La guerre des porcs a commencé avec un problème spécifique à l’âge de l’exploration: un certain nombre de pays différents avaient envoyé des hommes dans des bateaux pour naviguer le long de la côte ouest de l’Amérique du Nord et cartographier des parties de l’intérieur. Ces pays croyaient tous, en vertu de cet acte, que cette grande étendue de terre leur appartenait maintenant. (Les personnes qui vivaient sur ces terres avant d’être « découvertes » par les puissances européennes n’ont pas été prises en compte dans ce calcul politique.) Au début du 19e siècle, la Grande-Bretagne, les États-Unis, la Russie et l’Espagne avaient tous des conceptions et des revendications sur ce qu’on appelait le territoire de l’Oregon, qui s’étendait de ce qui est maintenant la frontière la plus méridionale de l’Alaska, jusqu’en Californie et à l’est jusqu’aux montagnes Rocheuses.

Au fil du temps, les États-Unis et la Grande-Bretagne ont convaincu la Russie et l’Espagne de reculer sur leurs revendications et, tout au long des années 1840, ont accepté une occupation conjointe qui a laissé la question sans réponse pendant un certain temps. Cependant, à mesure que les colons blancs commençaient à arriver en plus grand nombre, cet arrangement inconfortable devint un problème. En 1846, le traité de l’Oregon a tracé une ligne le long du 49e parallèle, coupant le territoire en deux et créant ce qui est maintenant la frontière canado-américaine.

Mais au bord du continent, la frontière descendait, selon le traité,  » au milieu du chenal qui sépare le continent de l’île de Vancouver et de là vers le sud par le milieu dudit chenal. »

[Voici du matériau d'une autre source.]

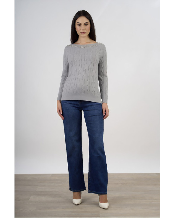 Maglia dallo stile femminile e raffinato con scollo a barca ampio impreziosito da inserti gioiello luminosi che donano un tocco di eleganza discreta.
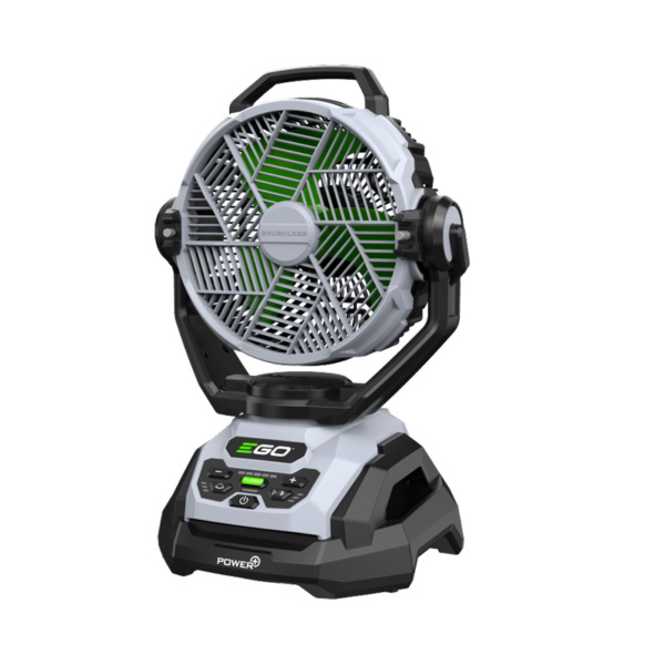 Njegov tih, a učinkovit motor je popoln za uporabo v zaprtih prostorih, saj ne povzroča nadležnega hrupa, hkrati pa zagotavlja osvežitev tudi v najbolj vročih dneh. Naklon glave ventilatorja je nastavljiv, kar omogoča usmerjeno kroženje zraka točno tja, kjer ga potrebujete. Ventilator je združljiv z vsemi EGO 56V ARC Lithium™ baterijami, kar pomeni, da lahko samostojno deluje tudi do več deset ur – brez kablov in brez potrebe po električni vtičnici.
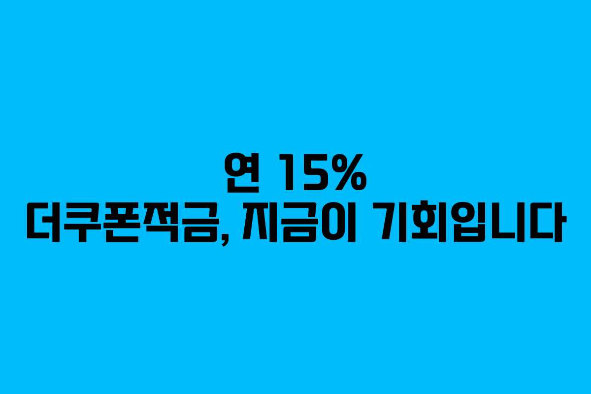 2026년 상반기에 출시된 연 15%의 더쿠폰적금은 고객들에게 큰 혜택을 제공합니다. 가입 조건이 단순하고 고금리라는 점에서 많은 관심을 받고 있습니다. 이번 기회를 놓치지 말고, 반드시 빠르게 가입하여 실질적인 금융 혜택을 누리시기 바랍니다.
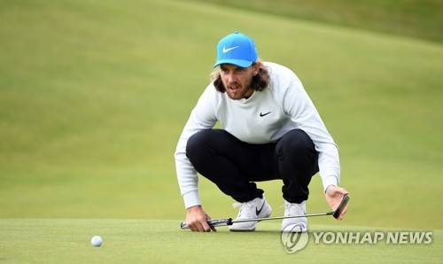 epa07729753 Tommy Fleetwood of England lines up a putt during the third day of the British Open Golf Championship at Royal Portrush, Northern Ireland, 20 July 2019. EPA/FACUNDO ARRIZABALAGA
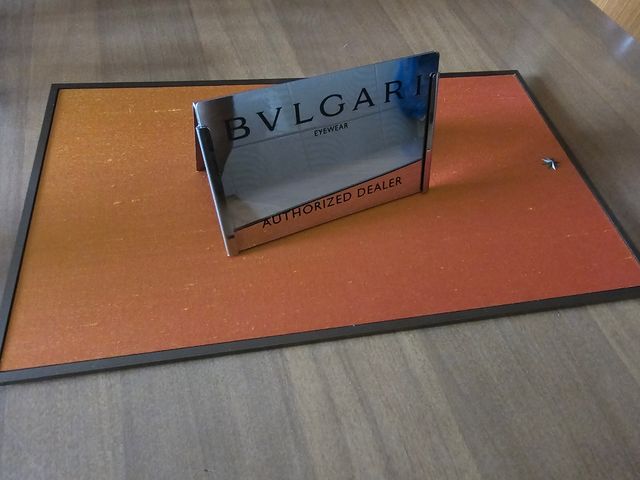 Dettagli del prodottoElegante placca Bvlgari in acciaio specchiato con relativo vassoio espositore per occhiali da banco con stemma di casa Bvulgari.

C’est le point d’éclair de la guerre des porcs. Même lorsque le traité a été signé, les négociateurs savaient qu’il y avait un problème: il y avait plus d’un canal que cette ligne pouvait décrire. L’un, le détroit de Rosario, était plus proche du continent et concédait l’île de San Juan aux Britanniques. L’autre, le détroit de Haro, était plus à l’ouest et donnait l’île de San Juan aux États-Unis. Il est facile de deviner quel pays a favorisé quelle interprétation. Pendant les années qui suivirent, cette ambiguïté demeura un problème abstrait – jusqu’à ce que les colons commencent à se rapprocher de l’île contestée, à quel moment un fonctionnaire britannique envoya les moutons.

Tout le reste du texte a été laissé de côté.